This plan requires low resources for a plan to make the world better. It’s efficient. Besides me, it just takes 20 volunteers spending under 10 hours per week (they can have a full time job too) for a year. Many think tanks, non-profits, hobby projects or small businesses have over 20 people, last for many years, and accomplish much less than this plan would.

I do not plan to recruit other than writing on my own websites as usual. I’ll post a CF article explaining this plan in the future. If you like the plan, you can prepare to be an advocate and/or recruit people. You can also criticize and debate the plan. If people don’t refute the plan or even claim it’s wrong, but don’t care enough enough to become advocates and recruit enough other advocates, then it won’t happen, and I will not blame myself. In that scenario, I will think that I did more than enough. I don’t expect this plan to happen soon (there are currently fewer than 20 active CF forum posters) but I wanted to give people the option; people may find it inspiring to have an easier way to do something important that requires less philosophy learning first. I know some people really care about changing the world. (I’m open to changing the world but if others don’t choose to help then I can also be content with the more indirect plan of researching and writing.) This plan offers a focus point other than just learning philosophy and could clarify the CF advocacy situation. It’s a goal that people can work towards or express disinterest in, which can be clarifying. I think the existence of the plan can make the CF community better, for many years, even if it doesn’t start. Whether it’s implemented or not, it’s good to have a plan and to have an understanding of what changing the world would involve.

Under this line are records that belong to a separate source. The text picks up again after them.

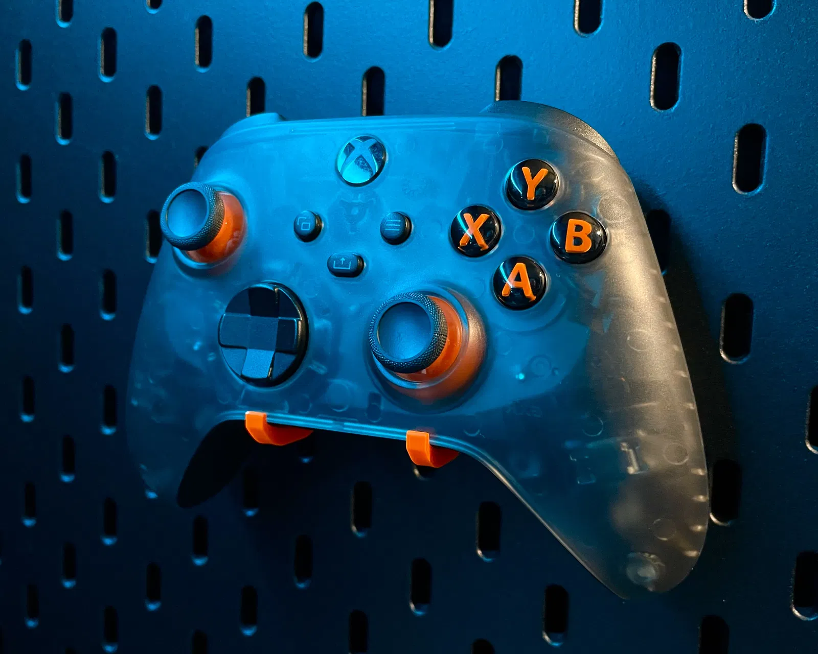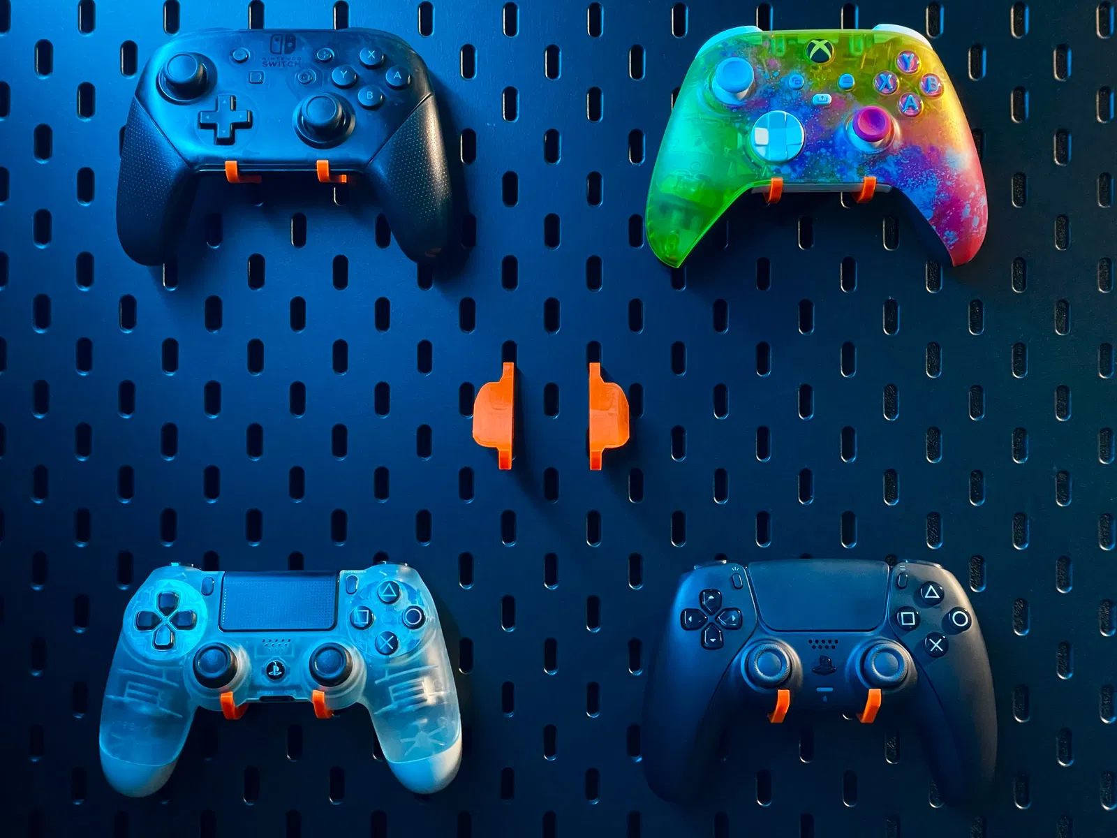 Mount treo tay cầm cho pegboard SKADIS dạng low profile, ôm khít (perfect fit) dựa trên 3D scan. Hỗ trợ XBOX Series, Dualsense (PS5), Dualshock 4 (PS4), Switch Pro và một số 8Bitdo. In nhanh, không cần support.
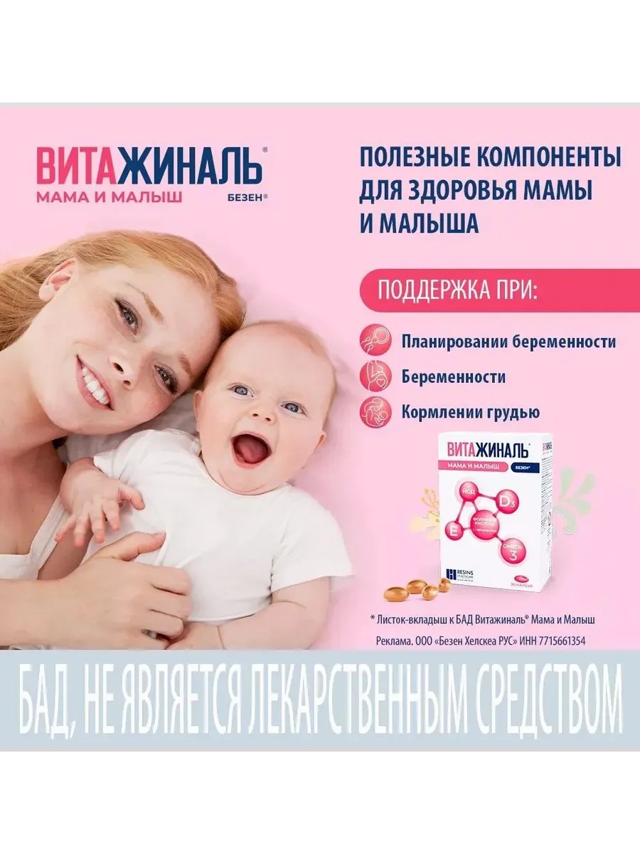| Торговое наименование | Биологически активная добавка к пище «ВИТАЖИНАЛЬ® МАМА И МАЛЫШ БЕЗЕН®». |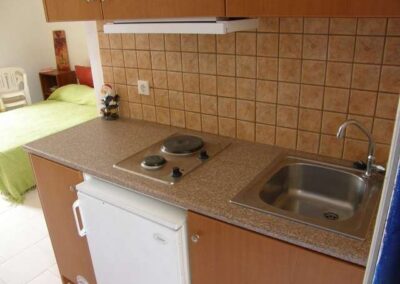 Атрактивна вила која се наоѓа во мирна улица, споредно од главната, која е поврзана со центарот и плажата. Оддалечена е околу 400 метри од преубавата песочна плажа Скала. Студио 02, 03: просторни, комфорни соби со два стандардни кревети или француски кревет со трет кревет, издвоена кујна ( фрижидер, вграден шпорет со две рингли, прибор и садови според бројот на гостите), клима ( со доплата ), купатило-туш/тоалет. Тераса со гарнитура за седење. Апартман 04 го сочинуваат две спални соби со еден француски кревет и два одвоени кревети и има простор за дневен престој со кујнски дел и купатило како во студијата.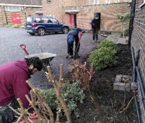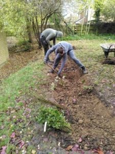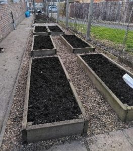 One of the first tasks for the trainees in the autumn of 2021 was clearing and preparing the soil for hedge planting on the green and around the vicarage boundary. The trainees have developed the Kitchen Garden which now has 16 planting areas. This will provide food for Mottingham Foodbank, also based at St. Edward's.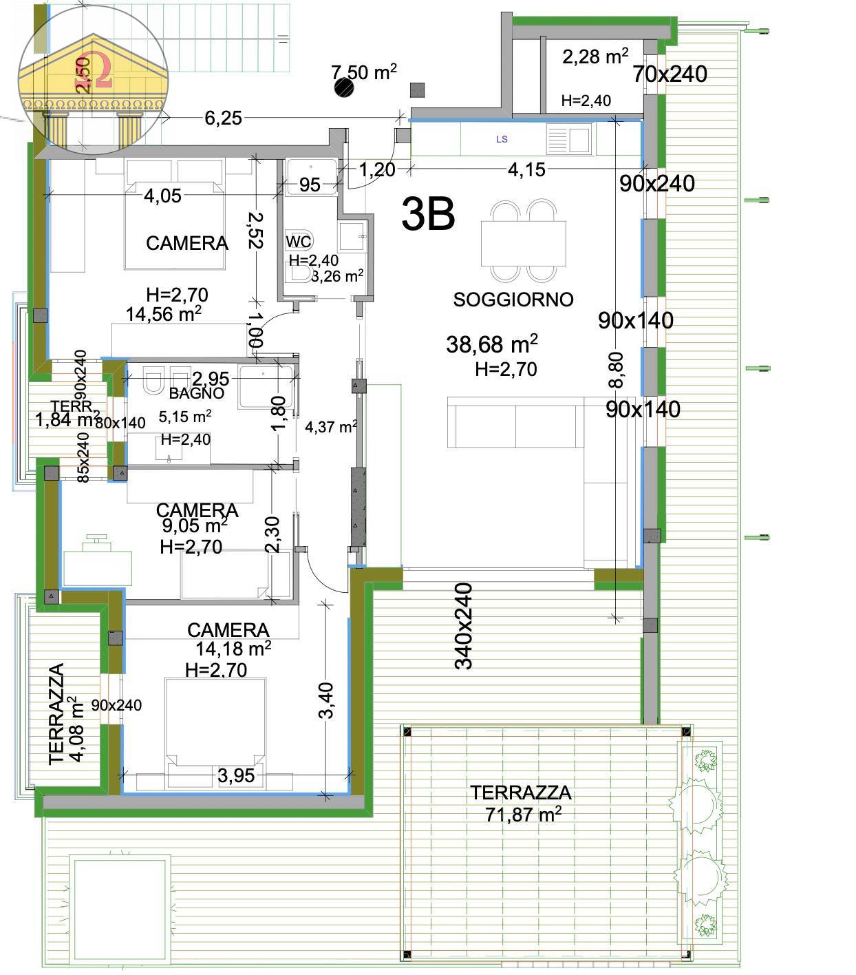 TREVISO SANTA BONA - appartamento con terrazza abitabile di mq. 71 dotata di pompeiana, piano primo di nuova costruzione, libero su tre lati e cos composto: spazioso soggiorno-cucina di mq. 38, tre camere, due bagni e ripostiglio/C.T.. Completo di garage al piano terra e posto auto esterno.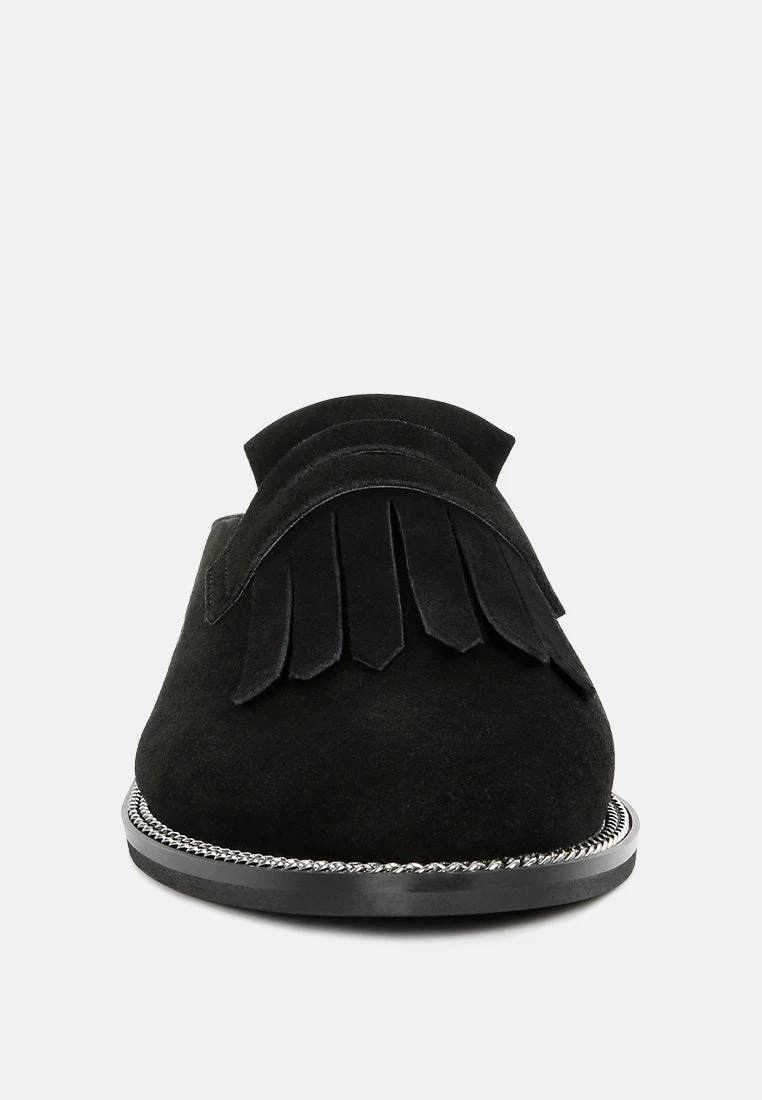 The Suave Black mule in genuine suede is an ideal addition to your 9 to 5 and beyond look. A very comfortable pick with smooth leather construction, gilded insole with support, and gripping German sole that supports. From the day at work to an evening walk by the home, be comfortable and at ease with this pair of genuine leather Mule. Soothes tired feet and is all delight with the premium handmade aesthetic.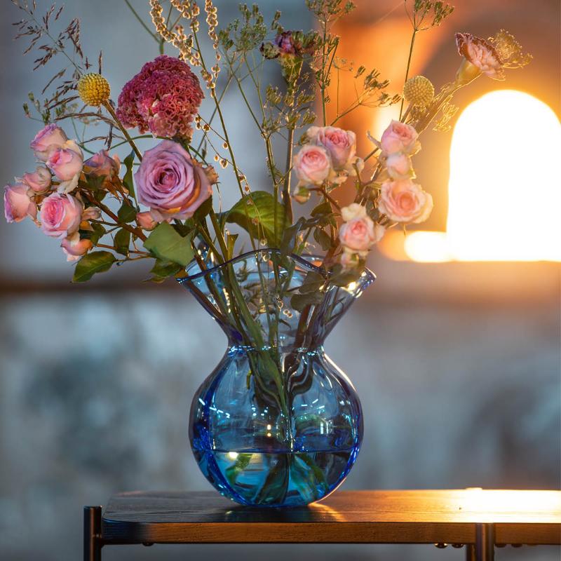 Vasens lekfulla och organiska form, inspirerad av en öppen blomma, hjälper till att hålla blommorna på plats och framhäver deras naturliga skönhet. Boblen Pride finns i fyra härligt transparenta färger och varje exemplar är munblåst, vilket innebär att ingen vas är exakt likadan – precis som varje människa är unik.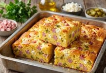 Sljedeći korak je priprema preliva. U zdjeli se najprije umute jaja, zatim se dodaje so i kisela pavlaka. Smijesa treba da bude glatka i ujednačena, jer će upravo ona povezati sve slojeve i stvoriti mekan, kremast završetak sa zlatnom koricom.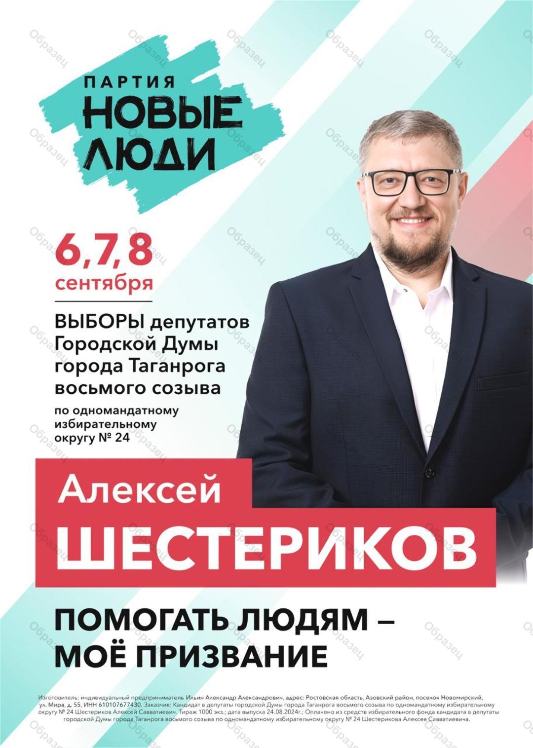 Оплачено за счет средств избирательного фонда кандидата в депутаты Городской Думы города Таганрога восьмого созыва по одномандатному избирательному округу № 24 Шестерикова Алексея Савватиевича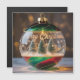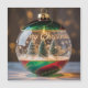 En detaljerad närbildsfoto av en elegant glaskulor till julgranen designad för att se ut som en miniatyr snöglob. Inuti den klara globen finns tre små julgranar av typen borstträd som ligger i vit konstsnö. Glasets utsida har dekorativa virvlar i djupröd och smaragdgrön färg, och orden "Merry Christmas" är skrivna med en vit kursiv stil tvärs över framsidan, tillsammans med små snöflingor. Bakgrunden är suddig med varma, gyllene bokeh-ljus, vilket ger en mjuk, magisk och festlig atmosfär.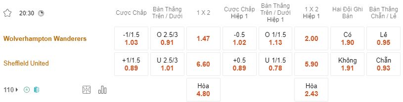 Soi kèo hiệp 1 Wolves vs Sheffield United

There are other details but this should give people the general idea of the plan. I found it difficult to write a finalized document for the CF site and realized I should get some feedback first which will help guide me on e.g. what issues to emphasize and what objections or misunderstandings people have.

What do you like about this plan? Does it make any sense to you? What doubts or objections do you have? What questions do you have? Please discuss.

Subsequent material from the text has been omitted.